Backup and Recovery Checklist

The essential playbook for implementing backup and recovery checklist in your SaaS.

Use this checklist to verify your SaaS can recover from data loss, bad deploys, accidental deletes, server failure, and provider issues. Focus on backups you can actually restore, not just jobs that appear to run.

This page is for MVPs and small production SaaS apps running on a VPS, Docker, or managed cloud services.

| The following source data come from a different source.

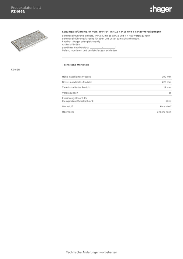 Hager FZ466N Wejście kablowe tworzywo sztuczne 1 szt.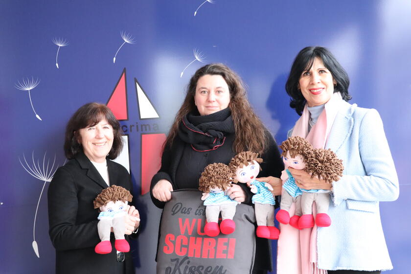 Bildunterschrift: v.l.n.r. Brigitte Huss (Mitglied im Regionalvorstand der Johanniter in Bayerisch Schwaben), Christine Joos (Leitung Lacrima Ulm/Neu-Ulm), Ursula Schumacher (Leitung Radio 7 Drachenkinder)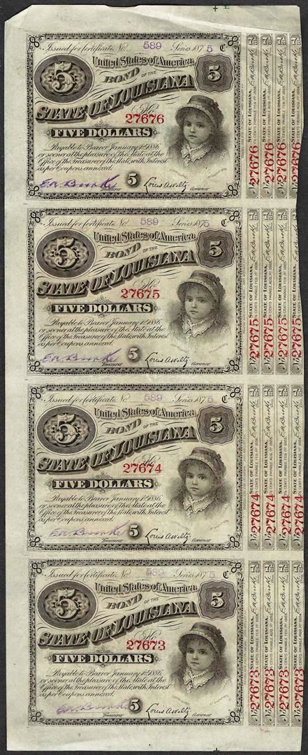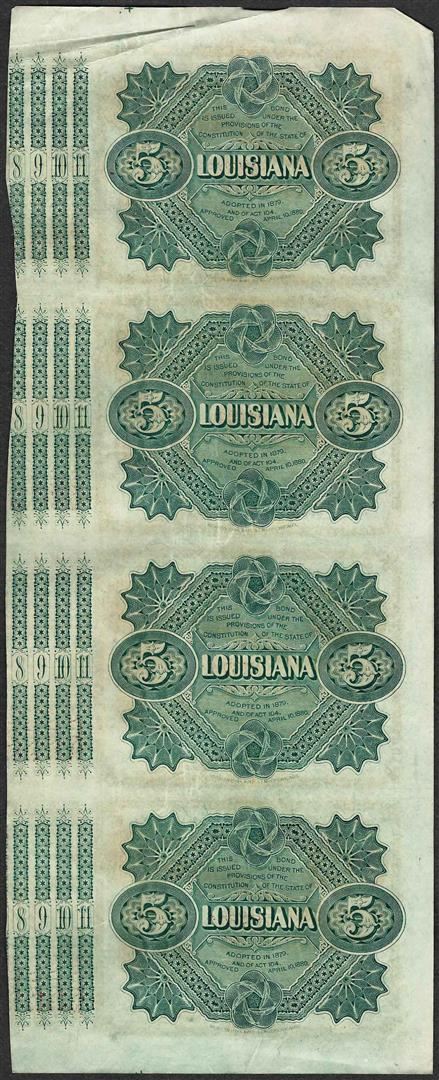 Uncut Sheet of (4) State of Louisiana Baby Bond Obsolete Notes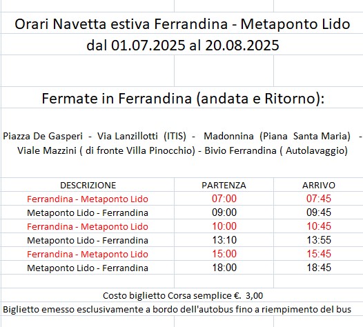 Si informa la cittadinanza che, a partire dal 1 luglio e fino al 20 agosto 2025, sarà attivo un servizio di trasporto con tre coppie di corse giornaliere, operative tutti i giorni, dal lunedì alla domenica, sulla tratta Ferrandina–Metaponto. 🚌 Il servizio è gestito da Autolinee Nolé. 💵 Il costo del biglietto per una corsa semplice è pari a 3 euro. 🎟️ I titoli di viaggio potranno essere acquistati direttamente a bordo dell’autobus. 📍 Fermate previste a Ferrandina: • Piazza De Gasperi • Via Lanzillotti (ITIS) • Madonnina – Piana Santa Maria • Viale Mazzini (di fronte Villa Pinocchio) • Bivio Ferrandina (in prossimità dell’autolavaggio). 🕒 Orari delle corse: Tratta [...]

Related production checklists:

Quick Fix / Quick Setup

Run a minimum viable backup setup now.

bash
# 1) Create a database backup now
mkdir -p /var/backups/myapp
pg_dump -Fc "$DATABASE_URL" > /var/backups/myapp/db-$(date +%F-%H%M).dump

# 2) Archive uploaded files now
rsync -a /var/www/myapp/media/ /var/backups/myapp/media-$(date +%F-%H%M)/

# 3) Copy env/secrets snapshot securely
cp /opt/myapp/.env /var/backups/myapp/env-$(date +%F-%H%M).bak
chmod 600 /var/backups/myapp/env-*.bak

# 4) Verify backup files exist
ls -lh /var/backups/myapp

# 5) Test restore into a temporary database
createdb myapp_restore_test
pg_restore -d myapp_restore_test /var/backups/myapp/db-$(date +%F-%H%M).dump

# 6) Put backups on a different machine or object storage
# example with aws cli
aws s3 sync /var/backups/myapp s3://YOUR-BACKUP-BUCKET/myapp/

# 7) Add a daily cron job
crontab -e
# 15 2 * * * pg_dump -Fc "$DATABASE_URL" > /var/backups/myapp/db-$(date +\%F-\%H\%M).dump

Minimum safe setup:

  • automated daily database backups
  • off-server storage
  • uploaded file backup
  • env/secrets escrow
  • a restore test at least monthly

If you only do one thing today, do a backup and a restore test.


What’s happening

Backups fail in production for predictable reasons:

  • jobs run on the same server that later dies
  • dumps are created but never copied offsite
  • uploads are not included
  • .env and deployment config exist only on the live machine
  • restore steps are undocumented
  • backup files are corrupt, empty, or too old to help

A working recovery plan for a small SaaS usually needs all of these:

  • database backup
  • uploaded file backup or object storage versioning
  • environment variable and secret escrow
  • deployment/config backup
  • offsite storage
  • restore drill with written steps
  • retention policy
  • monitoring for backup failures

Backups are not complete until you can restore them into a separate environment and boot the app.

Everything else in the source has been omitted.